Matney, 110 S.W.3d at 875. Here, Movant and his trial counsel knew they could have requested
reliable, independent DNA testing and simply elected not to pursue it further. They also knew
the results of the prior DNA testing conducted in this case, with Movant’s trial counsel
specifically acknowledging in Movant’s previous post-conviction relief motion that the DNA
testing results neither incriminated nor exculpated Movant. Movant’s trial counsel testified as
follows at his first post-conviction proceeding:
Q [Prosecutor]: So [the DNA] did not incriminate him[,] but it did not exculpate him either?
10 A [Trial Counsel]: Yeah, that’s right. I mean I don’t think it was our strongest theory to go with trying to play around with, well, it could have been, it couldn’t have been, but we had a definite theory of [eyewitness] ID. Certainly the DNA did not hurt us which was good. It did not help us though[,] certainly not as much as many of the problems with the identification by the girl[,] which is what our theory was all along.
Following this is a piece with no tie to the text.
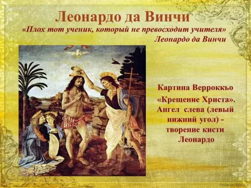 Однажды Верроккьо получил заказ на картину "Крещение Христа" и поручил Леонардо написать одного из двух ангелов, как самому талантливому и старательному ученику. Два ангела, написанные Леонардо и Верроккьо, недвусмысленно продемонстрировали превосходство ученика над учителем. Пораженный Верроккьо забросил кисть и никогда больше не возвращался к живописи.
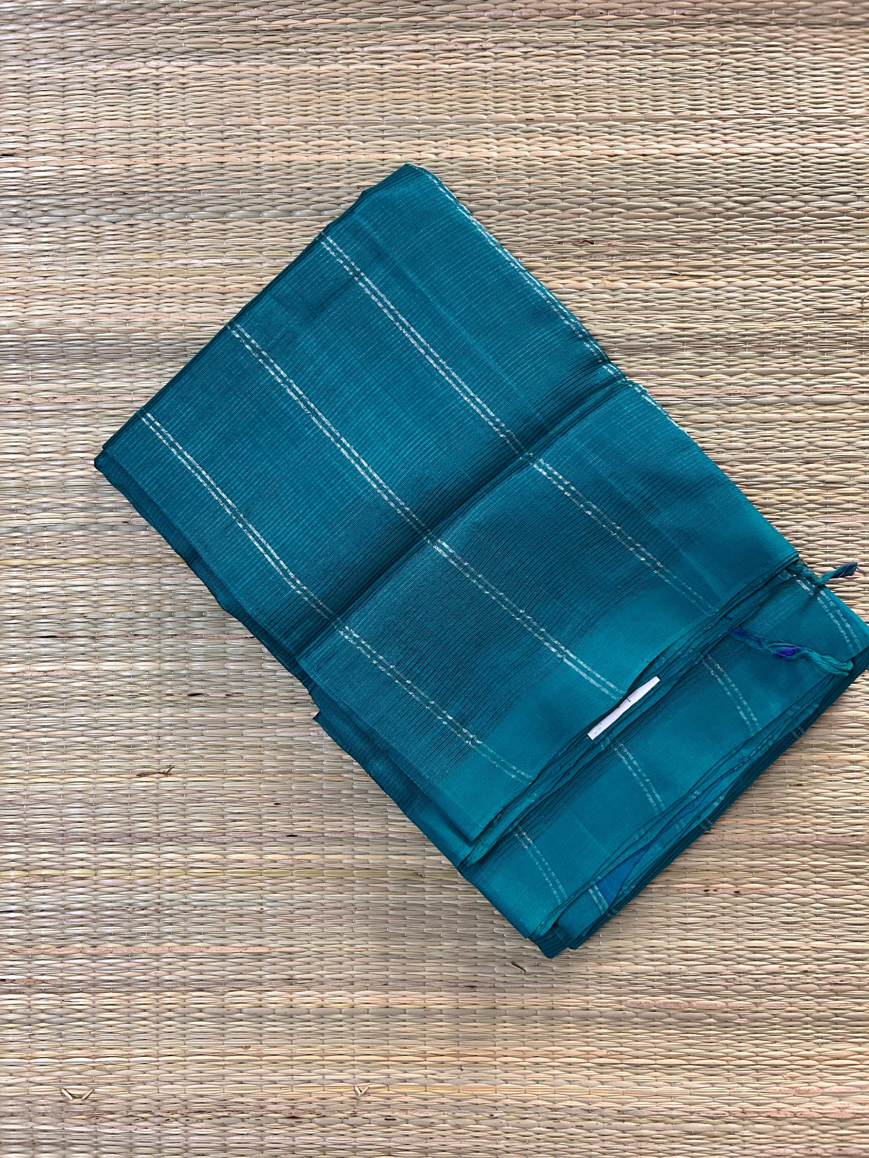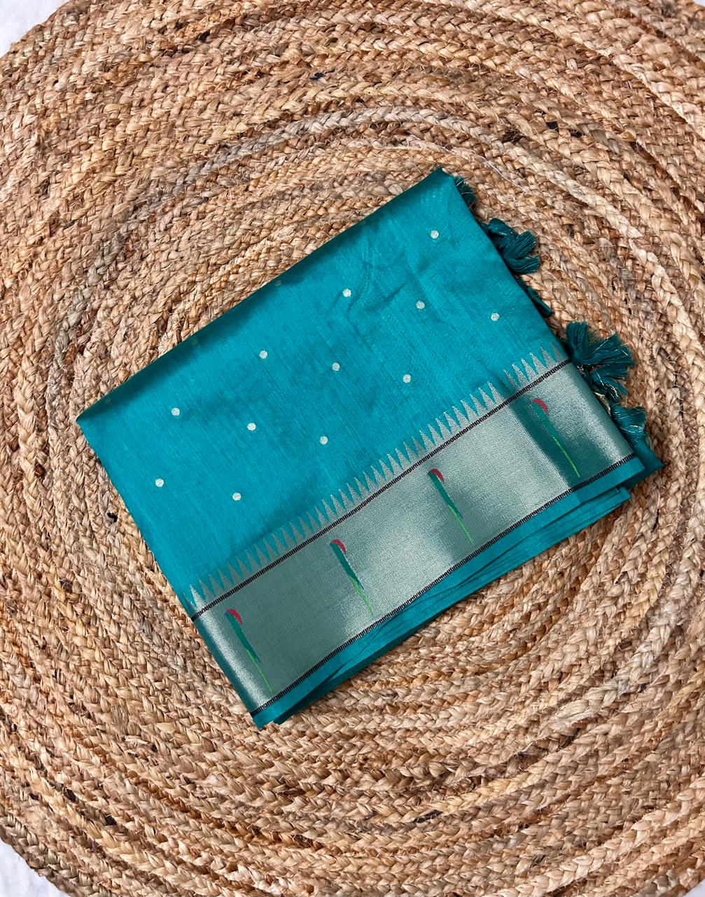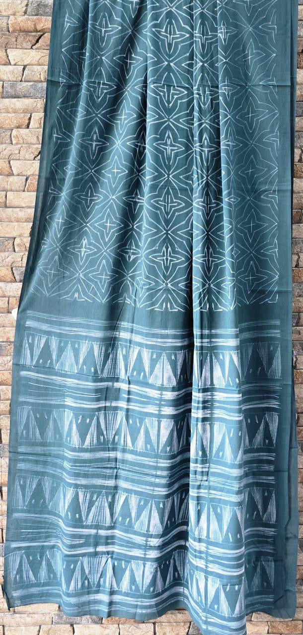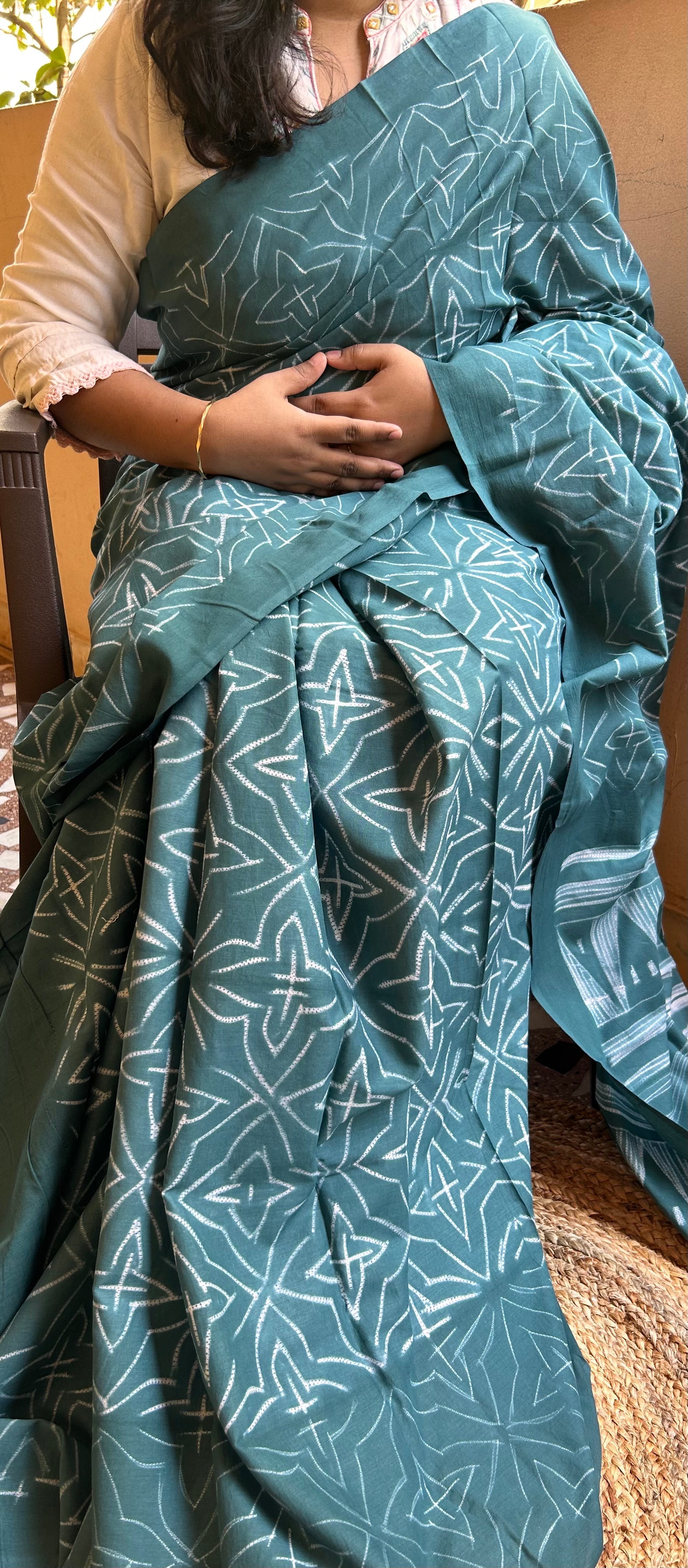 Teal Blue Bishapuri Silk Saree in Hand Wax Batik

This testimony shows that Movant and his trial counsel felt that they had better strategic options
than pursuing independent DNA testing. This does not entitle Movant to relief. See State v.
Fields, 517 S.W.3d at 556 (“assuming, arguendo, DNA testing technology was not reasonably
available to Movant at the time of Movant's trial, Movant still fails to satisfy prong (a) of
element (3) of Section 547.035.2, in that the abstention of DNA testing was a matter of trial
strategy”). While we agree with Movant that misidentification and DNA defenses do not
necessarily contradict, nothing requires a defendant to pursue them in tandem. Here, the fact
remains that, despite its availability, Movant and his trial counsel chose not to pursue
independent DNA testing, electing instead to pursue a misidentification defense by other means.
Point II is denied.
V. Conclusion
For the reasons stated above, we affirm the judgment of the motion court.
_______________________________ Kelly C. Broniec, Judge
Colleen Dolan, P.J. and Robert M. Clayton III, J. concur.